+++ RECORDS TO PROCESS +++

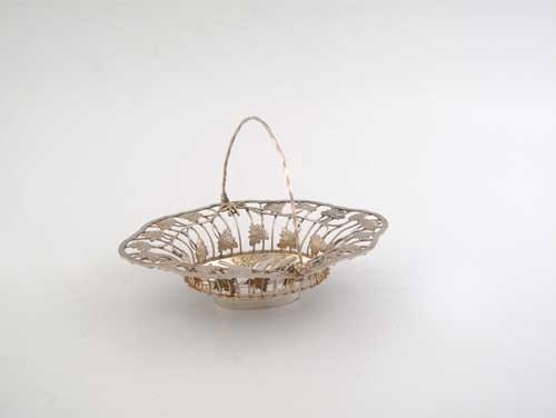 An early George III wire work sweetmeat basket, shaped with applied scrolling vine leaf decoration, twisted swing handle, on a collette foot, by Arthur Annesley, London 1761, 6.9in (17.7cm) wide, 4.4oz.
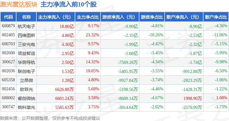 从资金流向上来看,当日激光雷达板块主力资金净流出57.88亿元,游资资金净流入34.75亿元,散户资金净流入23.12亿元。激光雷达板块个股资金流向见下表:
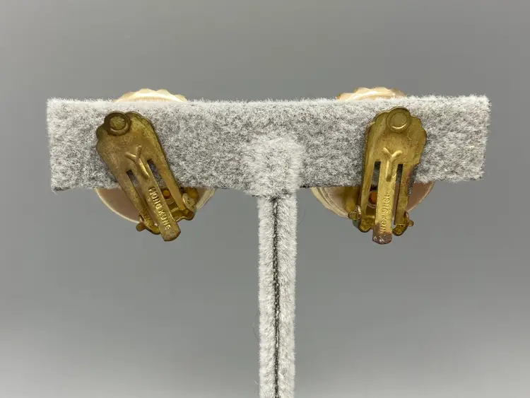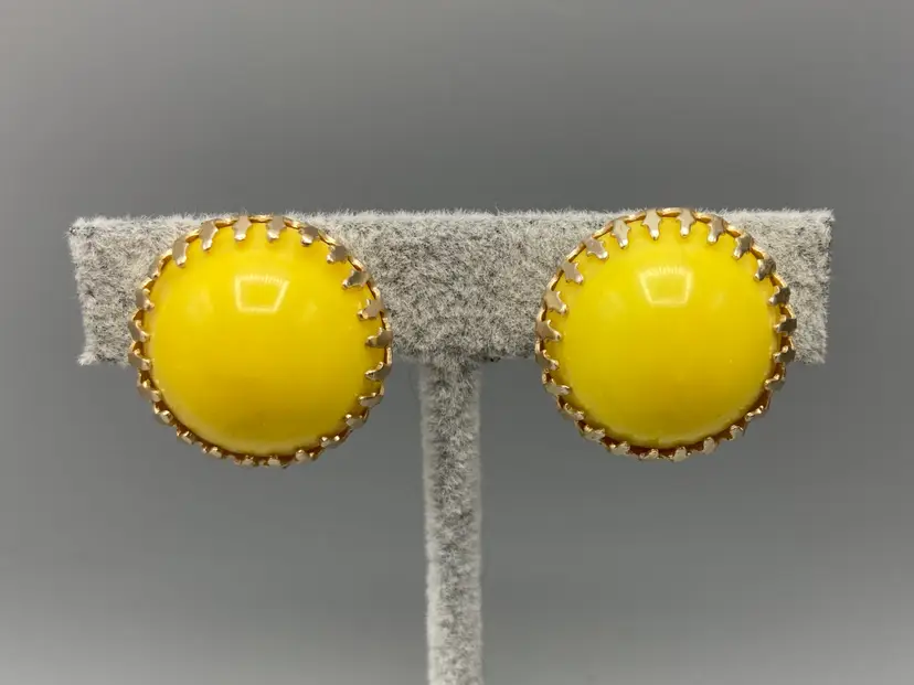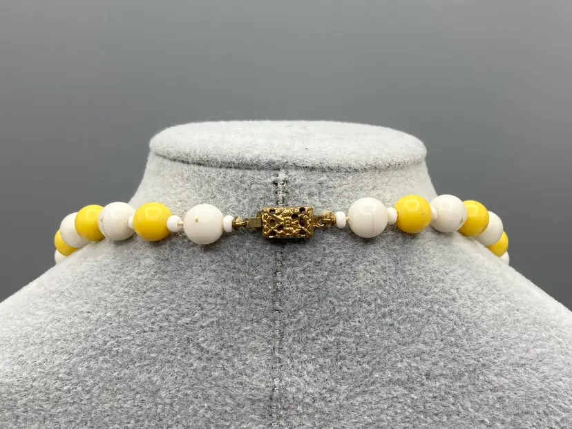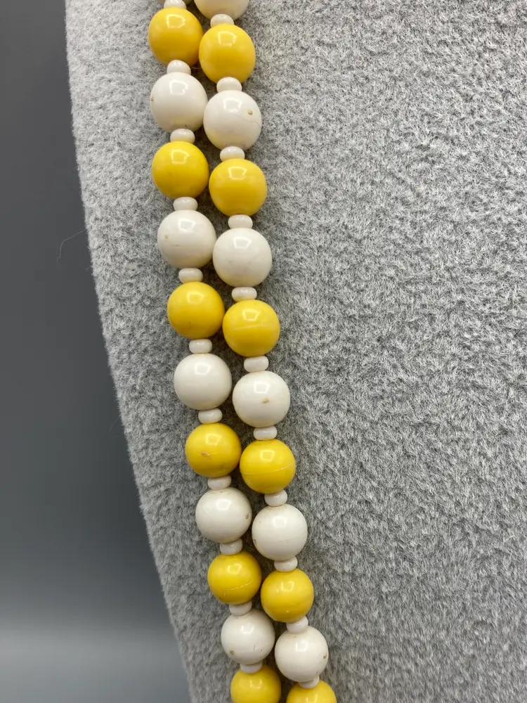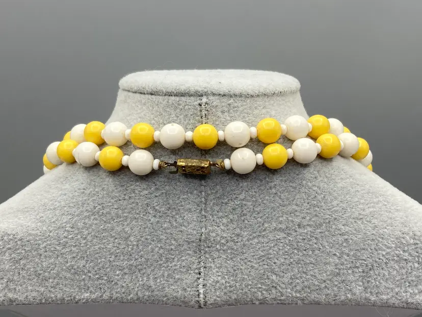 This set is in good overall condition. There is some patina to the metal. The necklace measures approximately 26 1/2" and can be doubled up as seen in the first picture. The earrings measure approximately 3/4".
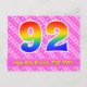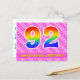 El frente de este divertido, alegre y animado diseño de tarjeta postal temática de cumpleaños presenta un gran número "92" con un patrón inspirado en el gradiente del espectro del arcoíris. También presenta el mensaje "Feliz cumpleaños número 92", y un nombre de destinatario personalizado. La parte delantera también tiene un patrón alegre de rayas rosadas oscuras y rosadas claras con formas de corazón. La parte trasera presenta un mensaje de saludo de cumpleaños personalizado, o quizás podría estar en blanco si se desea escribir un mensaje a mano. Una tarjeta postal de cumpleaños personalizable como esta podría ser una forma divertida de enviar un mensaje en celebración del cumpleaños número noventa y dos de alguien. Las tarjetas postales como esta también podrían usarse para invitar a los invitados a una celebración de cumpleaños que se celebra para alguien que cumple 92 años.
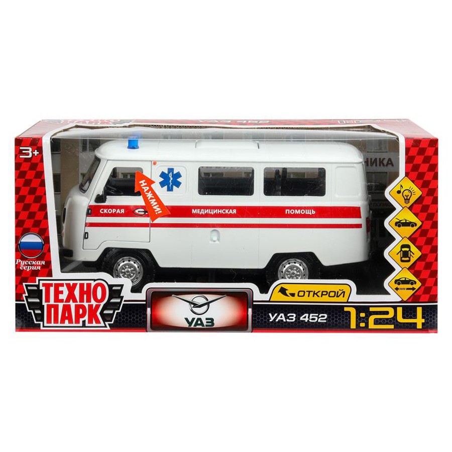 Модель представляет собой копию автомобиля скорой помощи.
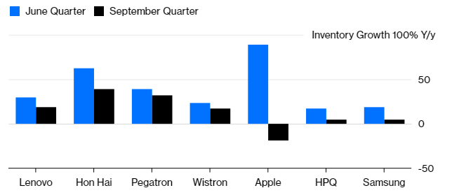 Τα αποθέματα συνέχισαν να αυξάνονται μέχρι τον Σεπτέμβριο. Η Apple ήταν η μόνη που πάτησε φρένο
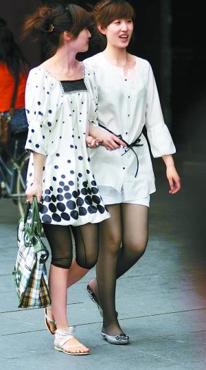 及膝短裙或牛仔短褲,配上黑色長(zhǎng)筒絲襪和一雙平底鞋,這是今夏北京街頭最I(lǐng)N的搭配打扮。黑色絲襪,在沉寂了多年之后,又重新受到時(shí)尚達(dá)人的追捧。
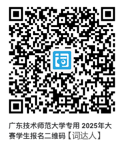 报名时间为即日起至2025年3月31日。参赛选手务必于截止日期前关注微信公众号“词达人”,进入“学生端”,使用右上角的“扫一扫”功能,扫描下方的本校专属报名二维码(否则将找不到学校名称)。进入报名界面后,参赛选手须如实填写本人姓名、学号、组别等信息,确认提交完成报名。未报名的学生无法参加本次大赛。报名信息同时作为获奖证书生成的凭据,以不实信息报名并参赛的,组委会有权在任何阶段取消参赛资格和成绩、奖项。
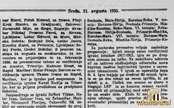 V zadnjih dneh avgusta so k Muri pristopili trije novi igralci: Bela Bednjak, Janez Sečko in Karel Kodila. Janez Sečko je povratnik v Muro, saj je za črno-bele igral leta 1933, nato pa prestopil k modro-rdečim mestnim tekmecem, Panoniji. Vsi trije imajo pravico nastopa 24. avgusta 1935.
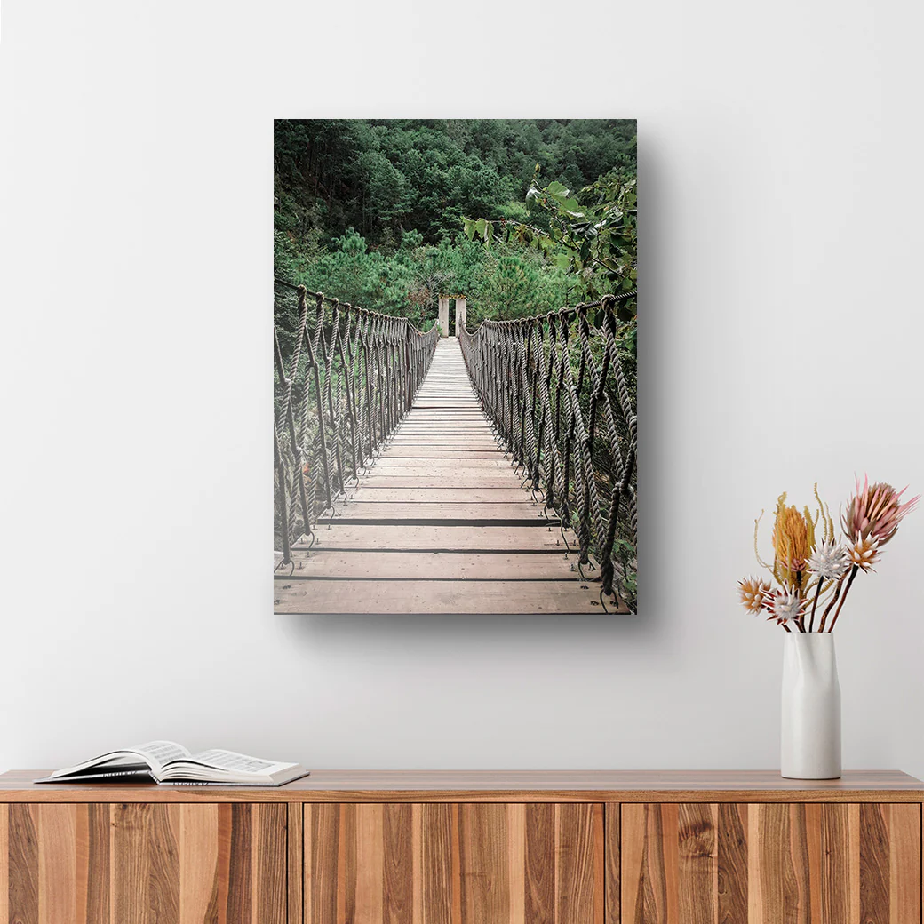 Un cuadro que muestra la fotografía de un puente rústico justo a las afueras de Puebla, México, tomada por el fotógrafo León Hernan.
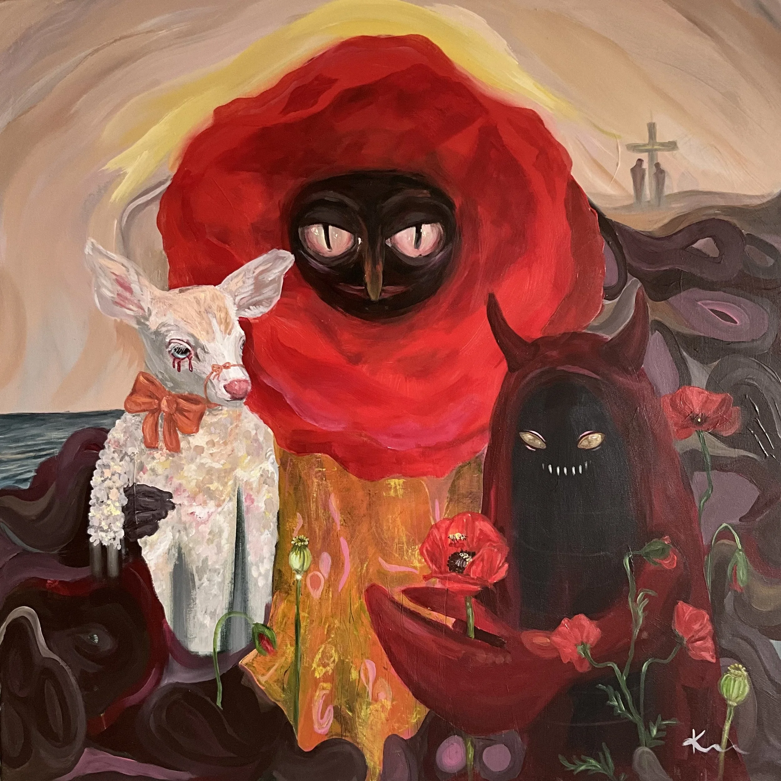 Etter et stort tap skapte Katinka dette maleriet, hvor tre selvrefleksive skikkelser vokser opp av jorden. Bildet er i privat eie.
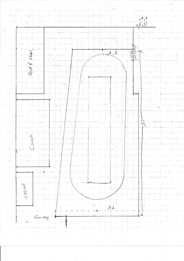 The new layout has pretty much the same footprint as the original, with the exception that the one side is now a straight line. My plan is to have a 2' aisle inside and probably a lift gate to access it. The new mainline radii would be 24 and 30". I'll probably move the loop closer to the couch side so I can have room for a incline to the stamp mill and logging area.
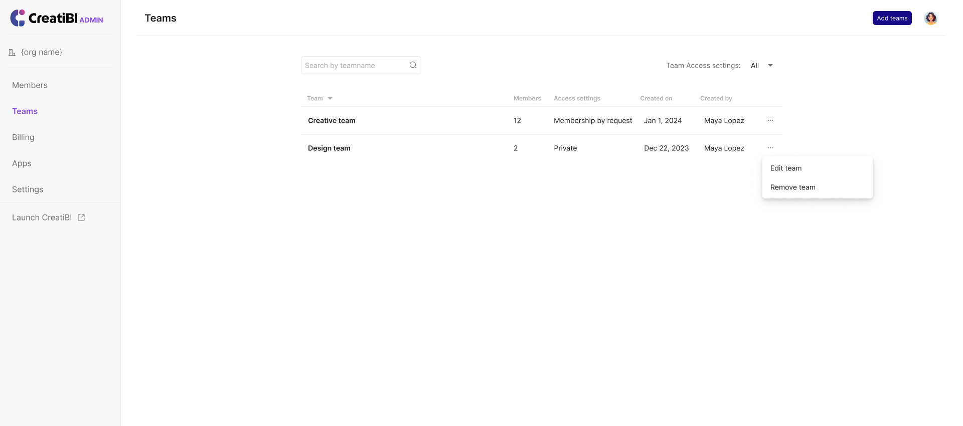 Click [here](https://help.creatibi.com/en-us/fundamentals/team) for more team setting details.

+++

§ **TASK GOAL**
Word for word and without pictures, please write out only the lines from the start of the entries through the line containing "El frente de", both included.

§ **ANSWER SPACE**
 An early George III wire work sweetmeat basket, shaped with applied scrolling vine leaf decoration, twisted swing handle, on a collette foot, by Arthur Annesley, London 1761, 6.9in (17.7cm) wide, 4.4oz.
 从资金流向上来看,当日激光雷达板块主力资金净流出57.88亿元,游资资金净流入34.75亿元,散户资金净流入23.12亿元。激光雷达板块个股资金流向见下表:
 This set is in good overall condition. There is some patina to the metal. The necklace measures approximately 26 1/2" and can be doubled up as seen in the first picture. The earrings measure approximately 3/4".
 El frente de este divertido, alegre y animado diseño de tarjeta postal temática de cumpleaños presenta un gran número "92" con un patrón inspirado en el gradiente del espectro del arcoíris. También presenta el mensaje "Feliz cumpleaños número 92", y un nombre de destinatario personalizado. La parte delantera también tiene un patrón alegre de rayas rosadas oscuras y rosadas claras con formas de corazón. La parte trasera presenta un mensaje de saludo de cumpleaños personalizado, o quizás podría estar en blanco si se desea escribir un mensaje a mano. Una tarjeta postal de cumpleaños personalizable como esta podría ser una forma divertida de enviar un mensaje en celebración del cumpleaños número noventa y dos de alguien. Las tarjetas postales como esta también podrían usarse para invitar a los invitados a una celebración de cumpleaños que se celebra para alguien que cumple 92 años.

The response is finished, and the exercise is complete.